Proprotein convertase subtilisin/kexin type 6 is an protease that in humans is encoded by the PCSK6 gene which is located in chromosome 15. Pcsk6 is a calcium-dependent serine endoprotease that catalyzes the post-translational modification of precursor proteins from its ‘latent’ form to the cleaved ‘active’ form. Active Pcsk6 has been reported to process substrates such as transforming growth factor β, pro-albumin, von Willebrand factor, and corin. Clinically, Pcsk6 is suggested to play a role in left/right asymmetry, structural asymmetry of the brain, handedness, tumor progression, hemostasis, and cardiovascular diseases.

Function 

The protein encoded by this gene belongs to the subtilisin-like proprotein convertase family. The members of this family are proprotein convertases that process latent precursor proteins into their biologically active products. This encoded protein is a calcium-dependent serine endoprotease that can cleave precursor protein at their paired basic amino acid processing sites. Some of its substrates are - transforming growth factor beta related proteins, pro-albumin, von Willebrand factor, and corin. Alternatively spliced transcript variants encoding different isoforms have been identified.

Clinical significance 

During development: Throughout development, the spatial and temporal expression of pcsk6 regulates embryogenesis by activating TGFβ related differentiation factors, which include BMP and Nodal. Elevated levels of Pcsk6 was detected in maternal decidual cells of the implantation site and the extraembryonic ectoderm.  The regulation of proper gradient of Nodal and BMPs is crucial for gastrulation, proximal-distal axis, and establishment of left-right axis patterning.

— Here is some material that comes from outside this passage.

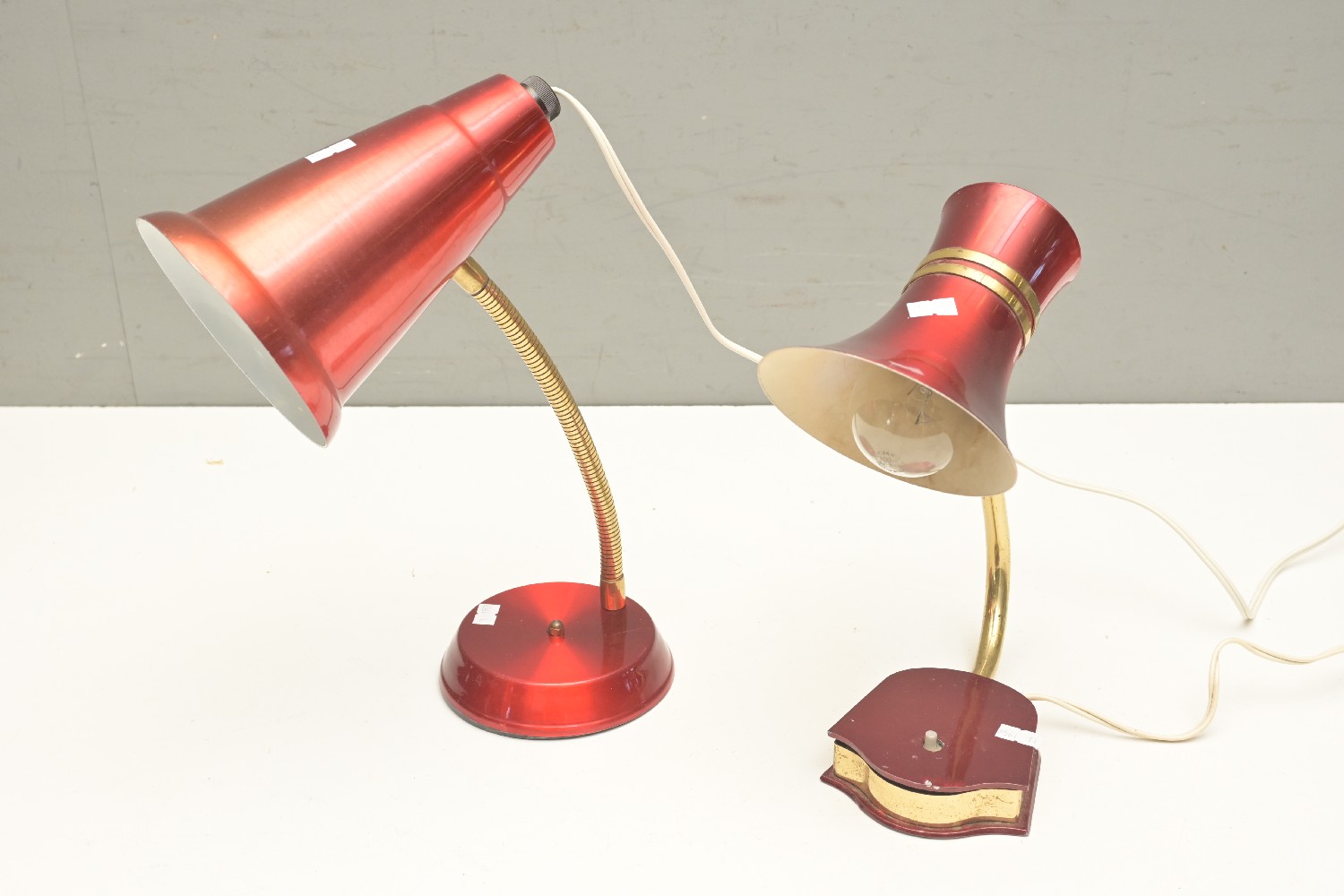 TWO RED MID-CENTURY DESK LAMPS (A/F) (THE LARGEST 34H CM) (LEONARD JOEL DELIVERY SIZE: LARGE)

Developmental Pcsk6 knockout studies found that mice embryos that lack Pcsk6 develop heterotaxia, left pulmonary isomerism, and/or craniofacial malformations due to disruption in specification of anterior-posterior and left-right axis that resulted from the dysregulation of Nodal and BMP signaling.

In humans, Pcsk6 VNTR polymorphism is associated with the structural asymmetry of the frontal and temporal lobe, and  degree of handedness.

Cardiovascular disease: Pcsk6 is increasing interest as indicator and factor of cardiovascular disease. Pcsk6 KO mice was shown to develop salt-sensitive hypertension due to failure of pro-corin activation crucial to atrial natriuretic peptide regulation of blood pressure. A hypertensive patient was found to have a G/A mutation on the PCSK6 gene that resulted in an Asp282Asn (D282N) substitution at the Pcsk6 catalytic domain, which in turn, hinders corin processing. In vascular remodeling, Pcsk6 was found to induce smooth muscle cell migration in response to PDGFB by activating MMP14. When Pcsk6 was knocked out, the intimal hyperplasia response to in vivo carotid ligation was lowered.

Other: This gene is thought to play a role in tumor progression.